Wake Me Up When September Begins

As a result of a couple of different health issues and the death of my old and much-loved mobile, August wasn’t shaping up to be a very good month already. But the biscuit was really taken this week during what turned into An Unexpectedly Expensive Night Out.

An Unexpectedly Expensive Night Out

It started okay: Ruth and went out for tapas, then for cocktails, and then to the cinema to watch the (pretty disappointing) Cowboys & Aliens. So a good start, getting worse. The food was cheap (hooray for vouchers!), the cocktails were reasonably priced (although we did have… a few of them), and the cinema was aided by Orange Wednesdays, so all seemed to be going pretty well, so far, until we came to going home.

Because when we got back to the cycle racks, my bike wasn’t there. By the look of things, somebody cut through my bike lock and had away with it, rendering me bikeless. Suddenly, it became a far more-expensive night out than I’d planned for.

Here's the kind of lock I was using. Turns out that it's insufficient to stop a determined attacker.

They say that you haven’t lived in Oxford until you’ve had your bike stolen[citation needed]. Well: now I have, and I’ve learned an important lesson about the ineffectiveness of moderate-security cable locks like the Kryptonite HardWire (the lock I was using) when up against thieves who are willing to put in the effort to, for example, bring bolt cutters on a night out.

I spoke to a police officer yesterday who’s going to see if any of the nearby CCTV cameras are going to be of any use in finding the bugger.  But in the meantime, I’ve had enough of August. It’s had highlights, like Liz & Simon’s wedding, but mostly it’s been less-than-great.

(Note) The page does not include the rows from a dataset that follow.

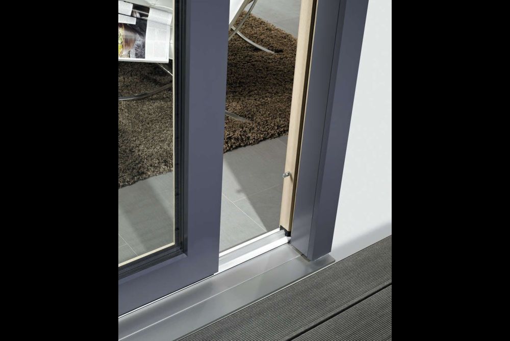Mit der «HS Integral» wurde von Unilux eine nahezu schwebende Gleittür in Holz-Alu-Bauweise entwickelt, die gerade für die ältere Kundschaft sehr leicht zu bedienen ist. Das Fehlen der sonst üblichen Bodenschwelle macht den bodengleichen Aufbau möglich und sorgt dafür, dass die Tür dadurch auffällt, dass sie nicht auffällt.
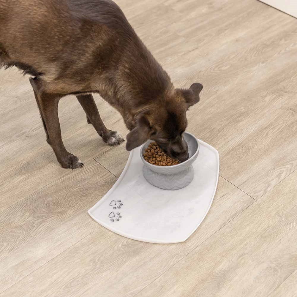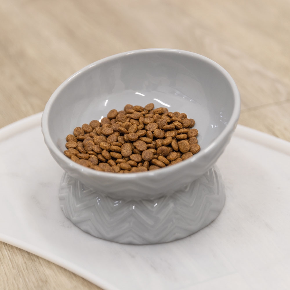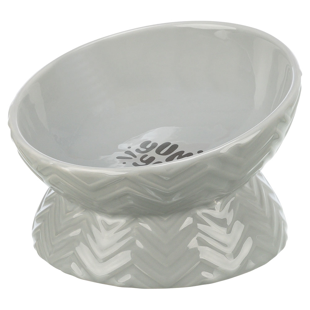 Upphöjd keramisk matskål i grå, som ger din hund en mer bekväm ätställning.
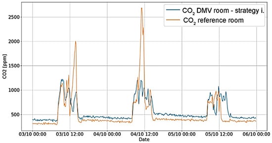 CO2 concentrations were measured in the room using Strategy I (ASHRAE 62) in comparison to the reference room that was closer [35].
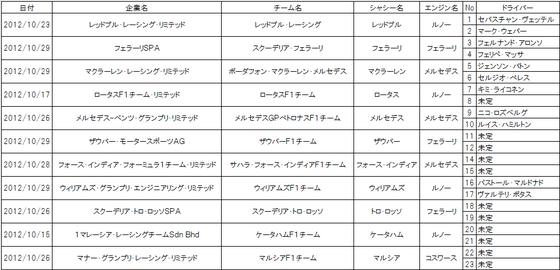 2013年F1参戦リスト HRTは未申請: FIA公式プレスリリース |
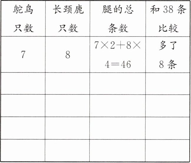 (2) 先假设鸵鸟和长颈鹿的只数如下表,再调整。
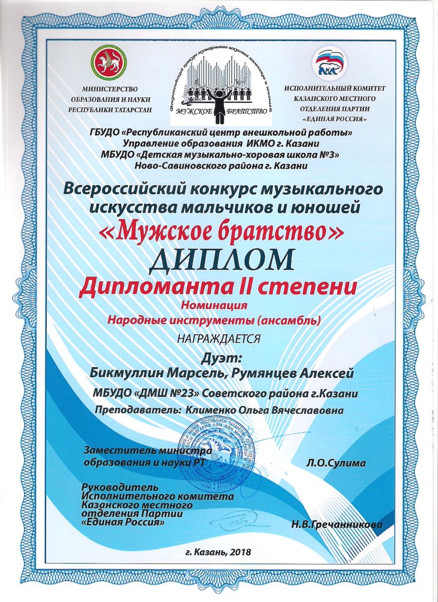Всероссийский конкурс музыкального искусства мальчиков и юношей "Мужское братство" - Диплом дипломанта 2 степени - Дуэт: Бикмуллин Марсель, Румянцев Алексей (преподаватель: Клименко О.В.)
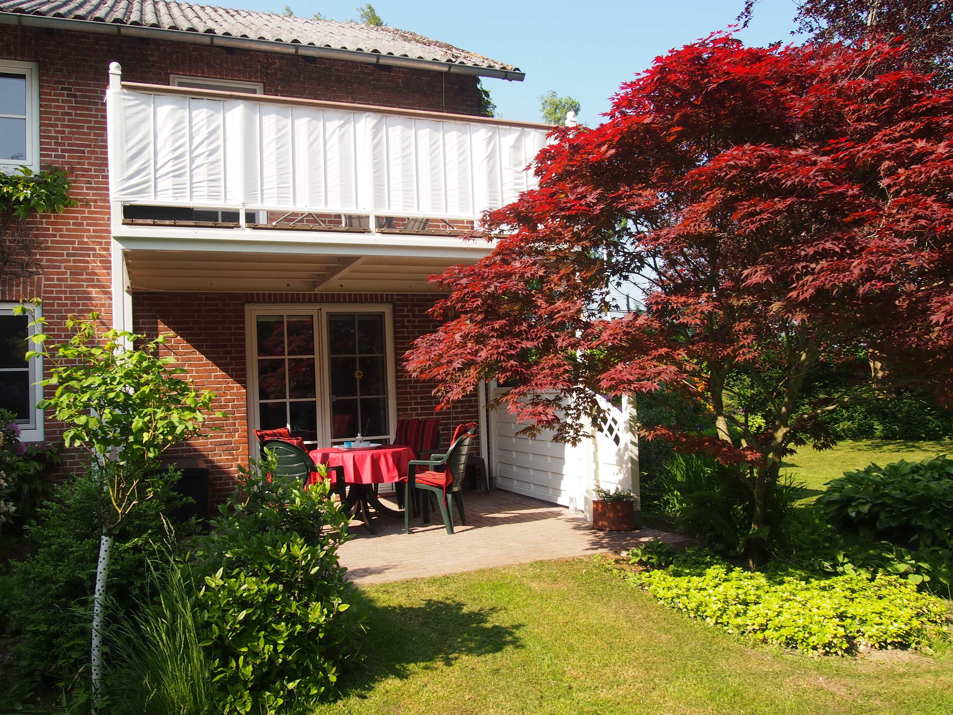 Für besonderen Flair sorgt die zur Ferienwohnung gehörende, blickgeschützte Terrasse mit Gartenmöbeln und Sonnenliegen.
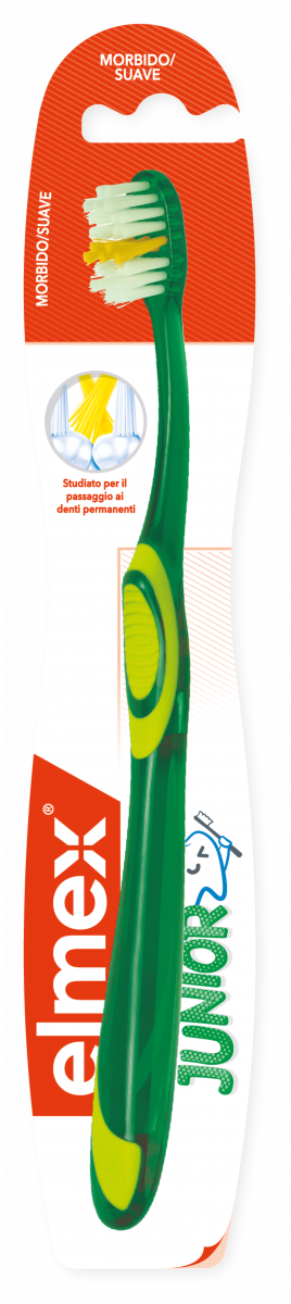 Per facilitare lo spazzolamento durante la fase di dentizione mista, lo spazzolino elmex® JUNIOR è stato sviluppato con speciali setole a X che puliscono in modo particolarmente efficace gli spazi interdentali, aiutando i bambini a rimuovere efficacemente la placca.
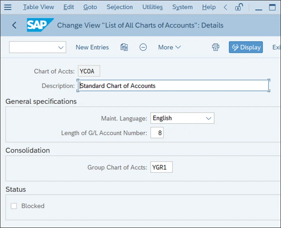 现在,让我们来检查会计科目表的设置。 请按照菜单路径“财务会计 • 总账会计 • 主数据 • 总账科目 • 准备工作 • 编辑会计科目表列表”操作,或者输入事务代码 OB13。下图显示了系统中定义的会计科目表列表。SAP S/4HANA 为一些国家提供了作为最佳实践内容的示例会计科目表。双击列表下方的 YCOA 会计科目表(标准会计科目表),将打开如下图所示的屏幕。- 维护语言:维护会计科目表的总账科目所使用的主要语言。总账科目可以有其他语言的描述,但在此字段中,您将指定该国使用的主要语言。
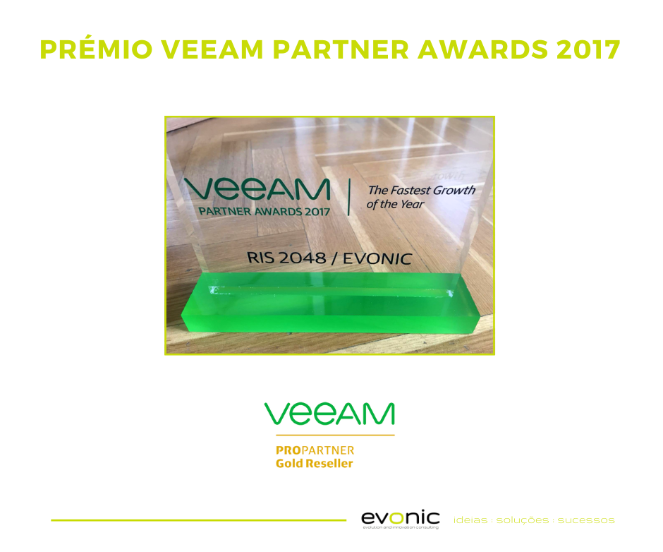 ler maisA RIS2048/EVONIC receberam um destaque especial na GALA Entrega de Prémios da VEEAM em Madrid. Fomos felicitados com Prémio Partner Com Maior Crescimento em Portugal durante ano 2017 no Partner Summit Iberia 2018, em Madrid no passado 22 de março. Obrigada Por acreditarem em Nós.
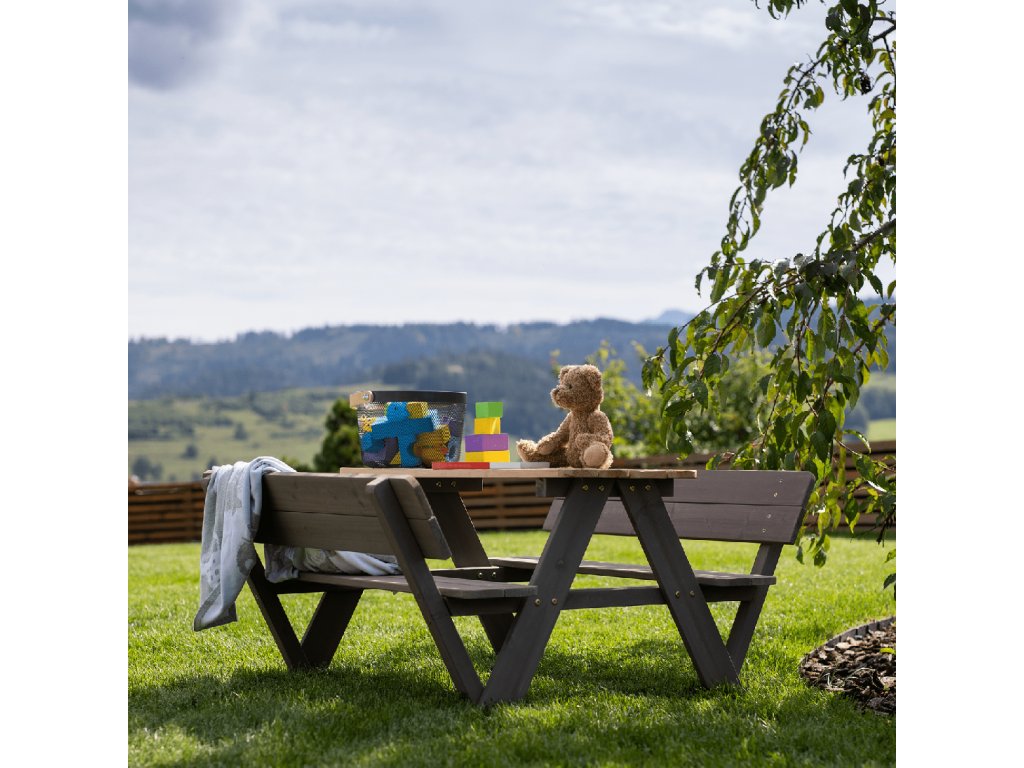 Sestává z dvou laviček a stolku a je vyroben z kvalitního masivního dřeva, které zaručí vašim dětem pocit jistoty a bezpečí.

Wake me up when September begins.



  1. Bummer. :( Have you found out whether there are any more reliable security methods for if/when your bike’s recovered or replaced?

    1. Dan Q Dan Q says:

      Yes. For my next bike, I’ll be using a far heftier reinforced steel D-lock (which took a reviewer sixteen minutes to cut through using bolt cutters and about two minutes using an angle grinder: that’s pretty much a world record among bike locks), coupled with a cable-loop (to ensure that the wheels are all connected to the frame and can’t be removed separately). I’m also going to Datatag the whole thing (a widely-respected tamperproof labelling system using both visible and invisible markers): they’re not getting my next bike!

      I’m busy fighting with the insurance company right now, and for a couple of reasons I’m not sure I’m going to get a great deal, so I may have to buy myself a new bike in addition to whatever they try to palm me off with. I suppose I could always resell what they give to me… Anyway: new bike next week, I hope, along with some spectacular locking systems. They say that thieves will only target bikes whose locks – as a rule of thumb – are worth less than 10%-15% of the value of the bike (any higher, and the additional security of the lock doesn’t make the payoff worthwhile): so I’ll be aiming for a massive 18% or so, I think – and fuck you, thieves.

      I’m sort-of glad they nicked my bike this week, though, and not next week: I planned this weekend to replace my rear sprockets (gears), and it would have really stung to have them stolen immediately thereafter! Forever the optimist!

  2. Godzilla Godzilla says:

    Having both had my bike stolen (dispite it being locked up outside my bedroom window whilst I was asleep!) and being notoriously sick of August I’m all for hibernating until september, Lets do it!

  3. liz liz says:

    Sorry to hear about your bike. D-Locks are really good. i’ve got one for my bike.

    I was going to say that you can have our spare bike if you want.

    Alternatively, you may want to look into whether the university have a bike to work scheme, if you haven’t already. Most companies do have the scheme.